It was, it is, unjust. Even when I don’t believe their feeling of injustice really is injustice (for example, I don’t think it is unjust that I was and am not like them all), that doesn’t change the fact that they experience it as unjust, as a disruption in harmony, as a violation of the order of things. In their own way, they were just as lost and exiled and angry as I was. It’s the human condition.
How do we live with that? It is not something we can escape, try though we do. Is it something we must simply endure? Or is there a better way? Is there a way for that suffering to transform us, through love, into a new person? As a Christian, I accepted in theory that transformation is possible, and in fact it is only through suffering that we, like the Son of Man, are “glorified”. But I did not really know what that meant until I walked with Dante through the pits of Hell, climbed with him the mountain of Purgatory, and soared with him through the heights of Paradise, to see the face of God. I came back from the journey changed, and wrote How Dante  to tell others what I saw on the pilgrimage, and to urge them to go on the Dante walk themselves, to discover who they are, and to come back changed for the better.

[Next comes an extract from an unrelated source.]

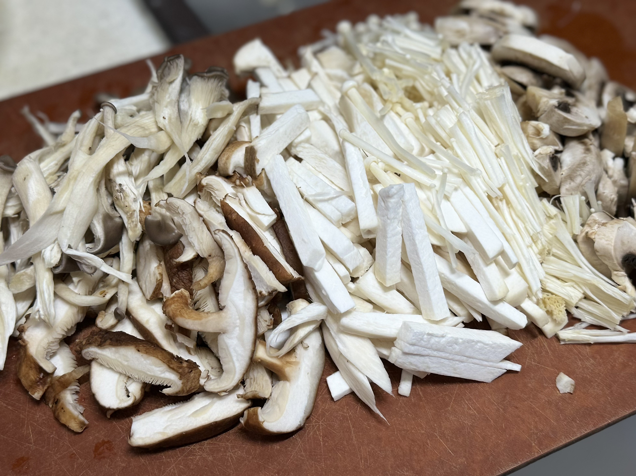 손질이 끝난 야채와 버섯들을 한 곳에 담아둔다.

A friend of mine is suffering right now. He has lost nearly everything he held dear. He is flat on his back. Nothing makes sense to him right now. I’m going to go visit him today, and if he is open to listening to me, I’m going to tell him what Dante did for me — or, to be precise, what God did for me through reading Dante. Dante’s story is my story and Charles Featherstone’s story and my woebegone friend’s story. And it is a story that begins as tragedy, but ends as comedy — that is, happily — through the power of Love. I am a witness to the power of this poem to heal and renew. And I apologize to readers who are bored by it all, can’t stop talking about it.